20 Temmuz 1999'da Jiang, Politbüro Daimi Komitesi'nin çoğunluğu karşı çıkmasına rağmen, Falun Gong’u hedef alan bir zulmü zorla başlattı. Bu zulüm, bugüne kadar devam etti. Son 25 yılda, Falun Gong’u aktif bir şekilde zulmeden ve Jiang’ın politikalarını takip eden birçok yetkili hızla üst düzey görevlere terfi etti. Ancak, ne ekersen onu biçersin. Bu zulmü uygulayan birçok kişi, daha sonra yolsuzluk suçlamalarıyla hapse gönderildi ki bu, Çin kültüründe iyi insanlara zulmetmenin karması sonucu olarak görülür.

Nakit teşvik kazanmak için, kamu güvenliği, yargı ve sadece Falun Gong’u zulmetmek amacıyla kurulan 610 Ofisi'nde çalışan birçok kişi, Jiang’ın zulüm politikalarını körü körüne takip etti. Ahlaklarını bir kenara bıraktılar ve büyük sayıda Falun Gong uygulayıcısının ölümünden doğrudan sorumlu oldular.
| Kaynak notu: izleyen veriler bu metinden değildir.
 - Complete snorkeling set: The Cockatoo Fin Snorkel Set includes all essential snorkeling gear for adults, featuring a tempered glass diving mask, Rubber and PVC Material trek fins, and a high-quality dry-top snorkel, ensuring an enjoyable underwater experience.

Öte yandan, adaleti savunmaya inanan giderek artan sayıda avukat, Falun Gong hakkında gerçeği öğrendi ve ÇKP’nin zulmünün yasa dışı olduğunu fark etti. Bu avukatlar, uygulayıcıları mahkemelerde savunarak cesur ve akılcı bir şekilde davrandılar ve çoğu zaman yargıçları ve polisleri sessiz bıraktılar. ÇKP, öfkeyle bu avukatların lisanslarını iptal ederek ve başka yöntemlerle onları yok etmeye çalışarak misilleme yaptı. Hatta bazı avukatları kaçırarak gizli yerlere götürdü ve onları hem fiziksel hem de zihinsel olarak işkenceye maruz bıraktı. Uzun bir süre boyunca aileleri, onların nerede olduklarını öğrenemediler.
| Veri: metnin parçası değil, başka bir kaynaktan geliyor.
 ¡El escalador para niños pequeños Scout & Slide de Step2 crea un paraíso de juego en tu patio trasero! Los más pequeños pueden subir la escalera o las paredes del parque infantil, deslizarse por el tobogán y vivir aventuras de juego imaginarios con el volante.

Zaman geçtikçe, insanlar bugünkü Çin’in gerçekliğini görmeye başladı: Doğruyu söylemeye cesaret eden, prensiplerine bağlı kalan, görevlerini yerine getiren, alçakgönüllü, insancıl ve merhametli iyi insanlar, ÇKP’nin yok etme, bastırma ve dışlama politikalarının hedefi haline geliyor. Vicdanlarını terk eden ve ÇKP ile iş birliği yaparak bu iyi insanlara zulmeden ve Çin toplumunun ahlakını bozan kötü insanlar ise ÇKP tarafından terfi ettirilerek, para kazanma, yolsuzluk yapma ve sefahat içinde yaşama fırsatları buluyor.
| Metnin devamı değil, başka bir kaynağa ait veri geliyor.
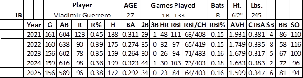 For the fourth consecutive season, Guerrero failed to approach his breakout power year in 2021 (.311/123/48/111/4 over 604 at-bats). He continues to have a high floor in plate appearances and games played, which should create more RBI chances (over 400 in each of the past five seasons). On the downside, his average hit rate (1.599) in 2025 was a five-year low, highlighting the direction of his power (AVH – 1.931 in 2021).
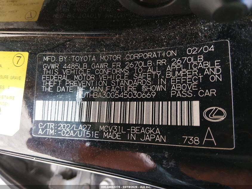 • JTHBA30G545030669
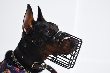 Young Doberman in a muzzle, head close up against a white wall
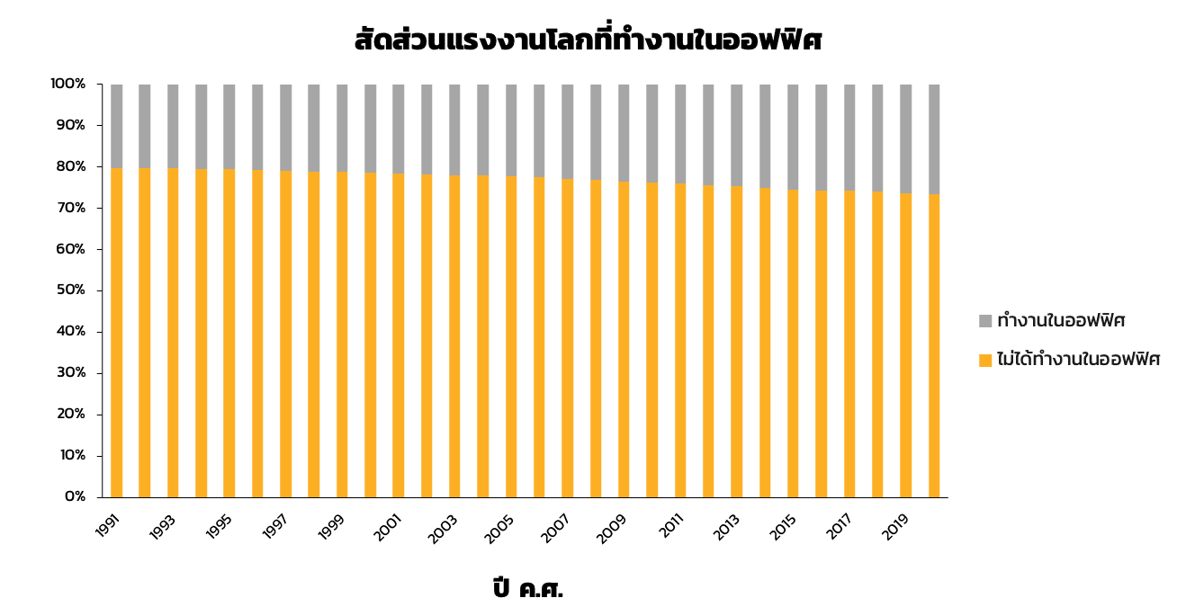 เมื่อลองจัดกลุ่มอาชีพที่น่าจะทำงานในที่ทำงานในลักษณะสำนักงาน โดยให้พนักงานบริการและพนักงานขาย ช่างฝีมือ พนักงานที่ทำงานกับเครื่องจักร กลุ่มอาชีพขั้นพื้นฐาน เกษตร ป่าไม้ และประมง อยู่ในกลุ่มที่สถานที่ทำงานไม่ใช่สำนักงาน พบว่า แม้ว่าสัดส่วนของคนที่ทำงานในสำนักงานจะเพิ่มขึ้นเรื่อยๆ แต่มากกว่า 70 เปอร์เซ็นต์ของแรงงานทั่วโลกอยู่ในที่ทำงานที่ไม่ใช่สำนักงาน

Bugünün Çin'inde ahlak yozlaşmış, toplum ise harap durumda. ÇKP tarafından körüklenen “hızla zengin olma” arzusu, “ölene kadar eğlenme” düşüncesi ve “ölmeden önce keyif sürme” zihniyeti, baskın sosyal normlar haline gelmiş durumda. İnsanlar giderek daha dürtüsel, acımasız, ilgisiz ve bencil hale geliyor. Çin’deki mevcut durum ve halkın durumu gerçekten çok vahim! Ancak Çin'de yaşayan insanların çoğu bu tehlikenin farkında değil.

2019’un sonlarında patlak veren COVID-19 pandemisi, bugüne kadar Çin’de 400 milyondan fazla insanın ölümüne neden oldu; bu sayı, ÇKP’nin yayınladığı istatistiklerin çok ötesindedir. Birçok kişi, bunun Tanrı’nın insanları, özellikle de ÇKP’yi destekleyip onun kötülüklerine yardım edenleri yok etmesi olduğunu söylüyor. COVID-19 gibi doğal afetler karşısında, sözde “ileri” tıbbımız çaresiz kaldı. ÇKP'nin şehirleri kapatma, sıfır COVID politikası gibi aşırı tedbirleri ve gerçek vaka sayılarını gizlemek için enfekte olanların sayısını sınırlaması, birçok insanı umutsuzluğa sürükledi. Teşhis edilemedikleri için doğru tedaviye ulaşamayanlar, ölümü beklemek zorunda kaldılar.

Bu kadar acı çeken birçok Çinli, artık para, şöhret, statü ve güç gibi yüzeysel şeylerin ne kadar önemsiz olduğunu fark etmeye başladı. Çünkü bu şeyler ne kendi hayatlarını ne de ailelerinin hayatlarını kurtarabiliyor.